Exercise prompt:
Write out again, exactly, the lines below starting at the one with "在这个UI模型里有一个事件处" and ending at the one with "ガラスビーズを編み込んだ耳飾り、ブローチなど".

Records to use:

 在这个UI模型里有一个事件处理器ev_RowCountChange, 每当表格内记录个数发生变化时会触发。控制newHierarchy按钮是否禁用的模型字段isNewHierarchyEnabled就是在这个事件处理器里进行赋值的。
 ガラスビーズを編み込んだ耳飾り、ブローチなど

==

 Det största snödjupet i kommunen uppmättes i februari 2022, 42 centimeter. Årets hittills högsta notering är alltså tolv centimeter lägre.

Result of the exercise:
 在这个UI模型里有一个事件处理器ev_RowCountChange, 每当表格内记录个数发生变化时会触发。控制newHierarchy按钮是否禁用的模型字段isNewHierarchyEnabled就是在这个事件处理器里进行赋值的。
 ガラスビーズを編み込んだ耳飾り、ブローチなど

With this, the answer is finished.